What is required:
Give every line of the data again, unchanged, but with no pictures.

Collected material:
=== Section Start ===
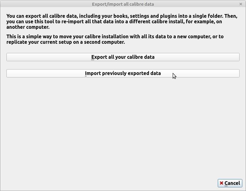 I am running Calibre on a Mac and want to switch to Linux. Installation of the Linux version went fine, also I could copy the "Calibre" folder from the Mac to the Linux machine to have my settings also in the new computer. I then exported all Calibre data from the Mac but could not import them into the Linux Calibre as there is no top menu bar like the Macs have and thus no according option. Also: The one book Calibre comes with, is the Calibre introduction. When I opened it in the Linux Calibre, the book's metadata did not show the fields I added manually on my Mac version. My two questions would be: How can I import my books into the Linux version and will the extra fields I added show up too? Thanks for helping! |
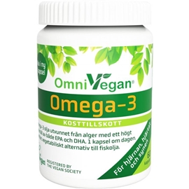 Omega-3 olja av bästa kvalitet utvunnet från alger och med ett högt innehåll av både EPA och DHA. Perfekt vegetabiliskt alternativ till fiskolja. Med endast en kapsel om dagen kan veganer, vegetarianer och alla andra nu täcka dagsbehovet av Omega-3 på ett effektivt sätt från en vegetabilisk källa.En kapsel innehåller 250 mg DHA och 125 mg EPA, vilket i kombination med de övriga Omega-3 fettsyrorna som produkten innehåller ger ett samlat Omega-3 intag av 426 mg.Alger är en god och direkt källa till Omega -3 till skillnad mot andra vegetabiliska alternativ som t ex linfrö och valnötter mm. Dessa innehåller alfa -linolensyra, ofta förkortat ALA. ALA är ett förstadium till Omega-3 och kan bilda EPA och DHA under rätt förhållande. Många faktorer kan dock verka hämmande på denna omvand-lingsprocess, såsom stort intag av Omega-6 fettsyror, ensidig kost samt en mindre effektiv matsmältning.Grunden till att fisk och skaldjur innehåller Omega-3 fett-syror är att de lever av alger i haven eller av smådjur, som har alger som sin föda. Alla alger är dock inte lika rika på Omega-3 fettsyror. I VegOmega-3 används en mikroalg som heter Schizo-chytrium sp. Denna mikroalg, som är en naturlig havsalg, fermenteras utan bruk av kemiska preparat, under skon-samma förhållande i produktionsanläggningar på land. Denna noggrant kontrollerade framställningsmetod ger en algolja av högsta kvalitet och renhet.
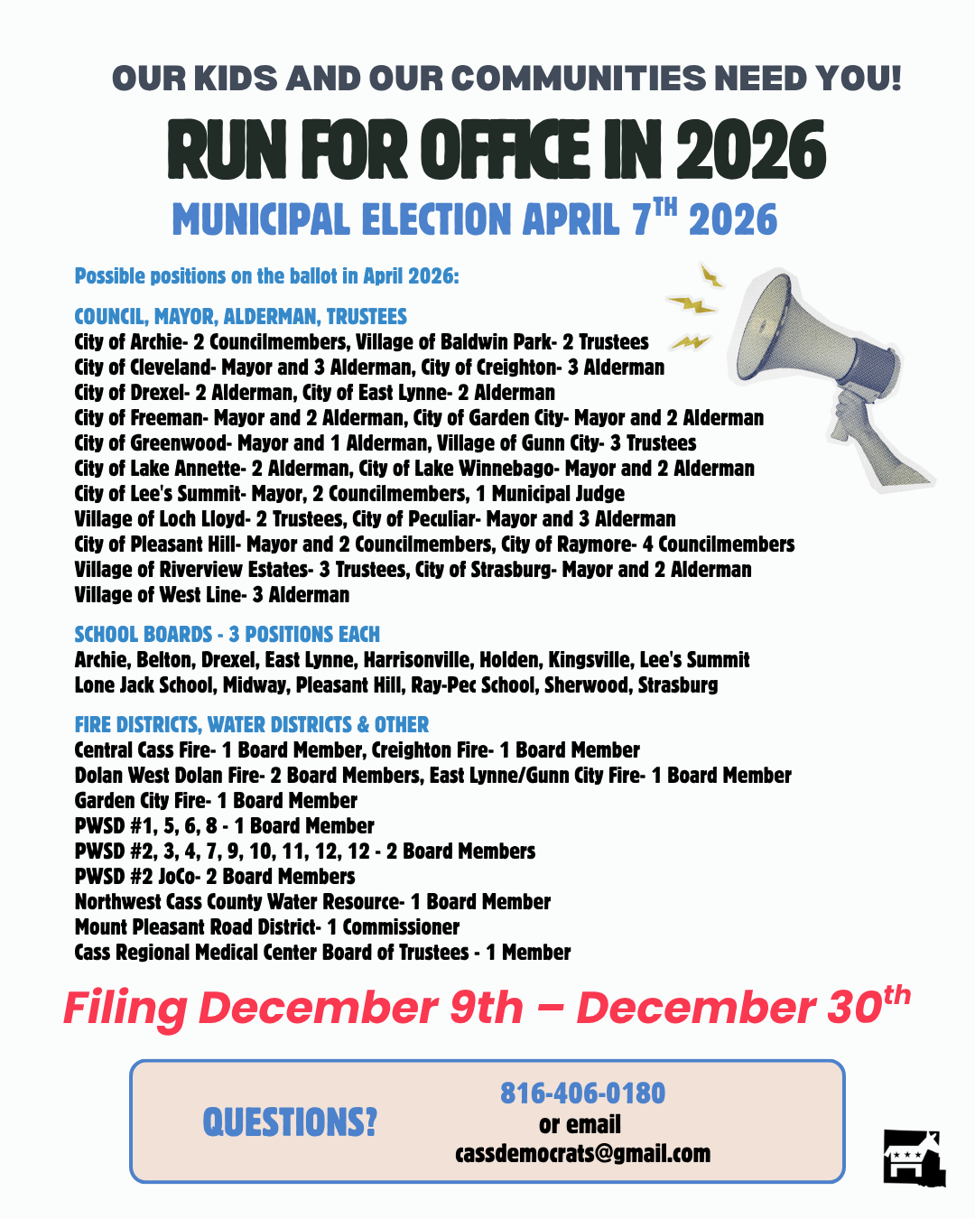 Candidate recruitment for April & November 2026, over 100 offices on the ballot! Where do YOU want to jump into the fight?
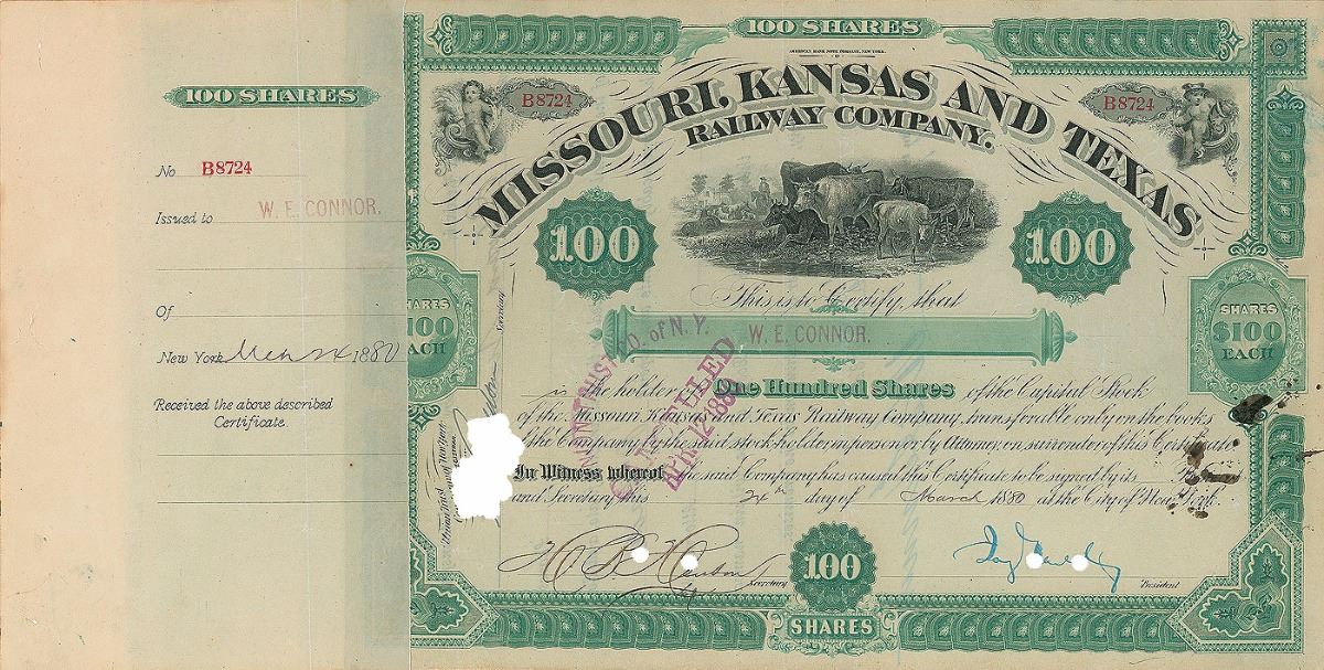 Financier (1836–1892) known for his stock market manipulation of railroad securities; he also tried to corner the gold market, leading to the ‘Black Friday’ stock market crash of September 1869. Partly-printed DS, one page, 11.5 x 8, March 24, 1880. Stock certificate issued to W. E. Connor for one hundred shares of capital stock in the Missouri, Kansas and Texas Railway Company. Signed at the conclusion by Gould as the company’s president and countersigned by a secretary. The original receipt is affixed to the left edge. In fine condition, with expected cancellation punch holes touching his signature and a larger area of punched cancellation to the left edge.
=== Section End ===
Result below:
 I am running Calibre on a Mac and want to switch to Linux. Installation of the Linux version went fine, also I could copy the "Calibre" folder from the Mac to the Linux machine to have my settings also in the new computer. I then exported all Calibre data from the Mac but could not import them into the Linux Calibre as there is no top menu bar like the Macs have and thus no according option. Also: The one book Calibre comes with, is the Calibre introduction. When I opened it in the Linux Calibre, the book's metadata did not show the fields I added manually on my Mac version. My two questions would be: How can I import my books into the Linux version and will the extra fields I added show up too? Thanks for helping! |
 Omega-3 olja av bästa kvalitet utvunnet från alger och med ett högt innehåll av både EPA och DHA. Perfekt vegetabiliskt alternativ till fiskolja. Med endast en kapsel om dagen kan veganer, vegetarianer och alla andra nu täcka dagsbehovet av Omega-3 på ett effektivt sätt från en vegetabilisk källa.En kapsel innehåller 250 mg DHA och 125 mg EPA, vilket i kombination med de övriga Omega-3 fettsyrorna som produkten innehåller ger ett samlat Omega-3 intag av 426 mg.Alger är en god och direkt källa till Omega -3 till skillnad mot andra vegetabiliska alternativ som t ex linfrö och valnötter mm. Dessa innehåller alfa -linolensyra, ofta förkortat ALA. ALA är ett förstadium till Omega-3 och kan bilda EPA och DHA under rätt förhållande. Många faktorer kan dock verka hämmande på denna omvand-lingsprocess, såsom stort intag av Omega-6 fettsyror, ensidig kost samt en mindre effektiv matsmältning.Grunden till att fisk och skaldjur innehåller Omega-3 fett-syror är att de lever av alger i haven eller av smådjur, som har alger som sin föda. Alla alger är dock inte lika rika på Omega-3 fettsyror. I VegOmega-3 används en mikroalg som heter Schizo-chytrium sp. Denna mikroalg, som är en naturlig havsalg, fermenteras utan bruk av kemiska preparat, under skon-samma förhållande i produktionsanläggningar på land. Denna noggrant kontrollerade framställningsmetod ger en algolja av högsta kvalitet och renhet.
 Candidate recruitment for April & November 2026, over 100 offices on the ballot! Where do YOU want to jump into the fight?
 Financier (1836–1892) known for his stock market manipulation of railroad securities; he also tried to corner the gold market, leading to the ‘Black Friday’ stock market crash of September 1869. Partly-printed DS, one page, 11.5 x 8, March 24, 1880. Stock certificate issued to W. E. Connor for one hundred shares of capital stock in the Missouri, Kansas and Texas Railway Company. Signed at the conclusion by Gould as the company’s president and countersigned by a secretary. The original receipt is affixed to the left edge. In fine condition, with expected cancellation punch holes touching his signature and a larger area of punched cancellation to the left edge.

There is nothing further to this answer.